● **Your instructions**
Starting with the line with "AUTSPACE A01 Series" in the entries below and going on through the line with "1917 1971 |", output every line exactly and nothing more. No pictures.

*** Opening Extracted entries ***

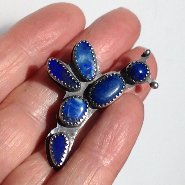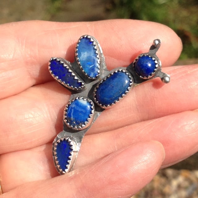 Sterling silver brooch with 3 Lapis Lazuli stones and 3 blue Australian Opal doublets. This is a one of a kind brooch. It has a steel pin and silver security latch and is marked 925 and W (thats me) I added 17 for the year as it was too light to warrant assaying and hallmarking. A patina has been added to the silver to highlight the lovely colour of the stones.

*** Closing Extracted entries ***
*** Opening Extracted entries ***

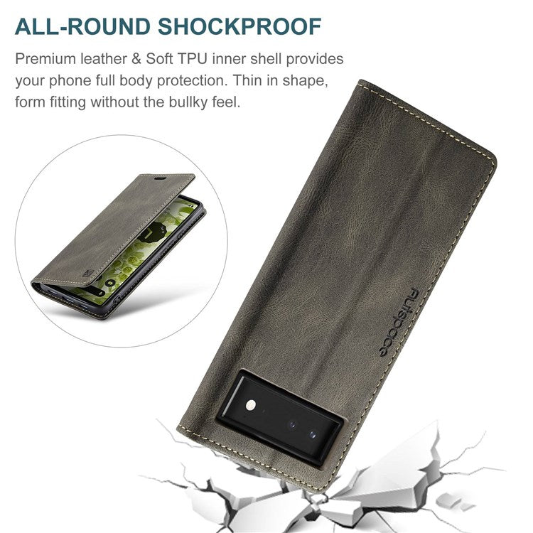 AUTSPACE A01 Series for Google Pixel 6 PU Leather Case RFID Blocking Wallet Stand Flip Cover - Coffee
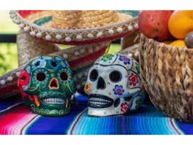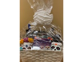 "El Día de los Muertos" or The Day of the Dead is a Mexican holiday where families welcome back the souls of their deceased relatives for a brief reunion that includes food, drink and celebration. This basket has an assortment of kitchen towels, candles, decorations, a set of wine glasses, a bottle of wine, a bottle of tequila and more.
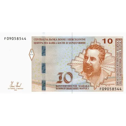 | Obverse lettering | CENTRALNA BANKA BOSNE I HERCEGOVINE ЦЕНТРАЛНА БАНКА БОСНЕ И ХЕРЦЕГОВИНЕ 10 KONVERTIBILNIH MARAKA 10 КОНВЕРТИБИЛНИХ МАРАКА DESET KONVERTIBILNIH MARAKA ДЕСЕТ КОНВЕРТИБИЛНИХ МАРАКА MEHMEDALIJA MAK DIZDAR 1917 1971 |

*** Closing Extracted entries ***
*** Opening Extracted entries ***

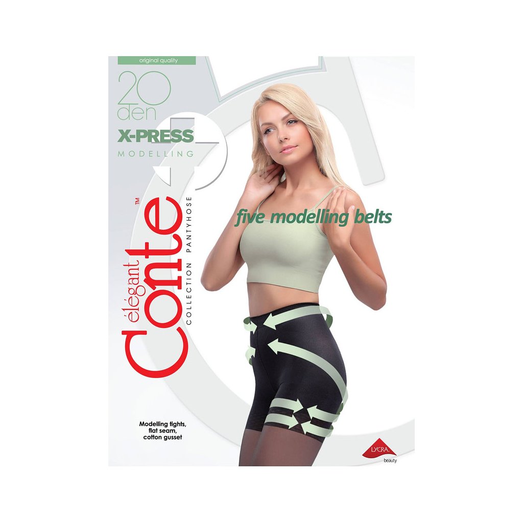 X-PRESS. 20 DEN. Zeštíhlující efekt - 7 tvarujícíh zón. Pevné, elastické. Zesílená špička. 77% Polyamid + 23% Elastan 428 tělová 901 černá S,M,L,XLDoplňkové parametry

*** Closing Extracted entries ***

● **Output of the task**
 AUTSPACE A01 Series for Google Pixel 6 PU Leather Case RFID Blocking Wallet Stand Flip Cover - Coffee
 "El Día de los Muertos" or The Day of the Dead is a Mexican holiday where families welcome back the souls of their deceased relatives for a brief reunion that includes food, drink and celebration. This basket has an assortment of kitchen towels, candles, decorations, a set of wine glasses, a bottle of wine, a bottle of tequila and more.
 | Obverse lettering | CENTRALNA BANKA BOSNE I HERCEGOVINE ЦЕНТРАЛНА БАНКА БОСНЕ И ХЕРЦЕГОВИНЕ 10 KONVERTIBILNIH MARAKA 10 КОНВЕРТИБИЛНИХ МАРАКА DESET KONVERTIBILNIH MARAKA ДЕСЕТ КОНВЕРТИБИЛНИХ МАРАКА MEHMEDALIJA MAK DIZDAR 1917 1971 |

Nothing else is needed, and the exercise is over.